DUE TO ITS incredible popularity, for the second season, The Closed Circuit had to map out a brand-new route for its caravan—and one that was twice as long—but as she was already endlessly satisfied with her new and improved RV model and they were just two hours into their summer of driving, Sierra knew she would be comfortable the whole way.
Already, the additional comfort features of the upgraded vehicle were proving worth taking the risk of asking for what she wanted. She got greater reflective glare protection from the slightly larger sunshades, a wider view through the oversize side-view and rearview mirrors, and a much clearer back camera picture and a more precise voice-commanded smart dash.
She felt like the queen she was called.
Years of carting her own horses to rodeos in her preprofessional days had cemented her ability to drive big vehicles, which she was especially grateful for now, as the super deluxe model was slightly larger than the last.

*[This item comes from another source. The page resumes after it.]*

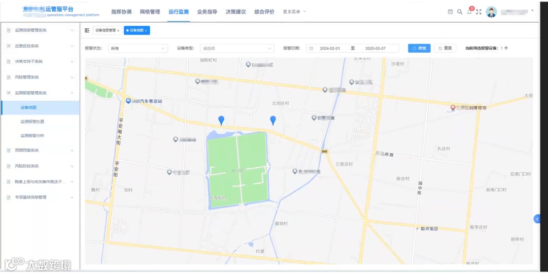 监测报警一张图:基于GIS地图实时展示监测报警与预测预警分布,支持模糊搜索、业务专题筛选、快速定位问题点位,实现监测报警信息的产生、审核、处置、复核等全生命周期闭环管理和监测报警的全景视图。

Her seat was all cushy leather and panoramic views, perched on a swivel that gave her near perfect sight to the road and environment in front of her and to her sides for miles and miles.
The experience would have been peaceful and picturesque, if Diablo Sosa wasn’t still on her mind.
She certainly could have done with a little less time alone with her thoughts.
She just couldn’t get over the mix of yearning and embarrassment that rose up in her whenever his face filled her mind. She usually made such winning choices.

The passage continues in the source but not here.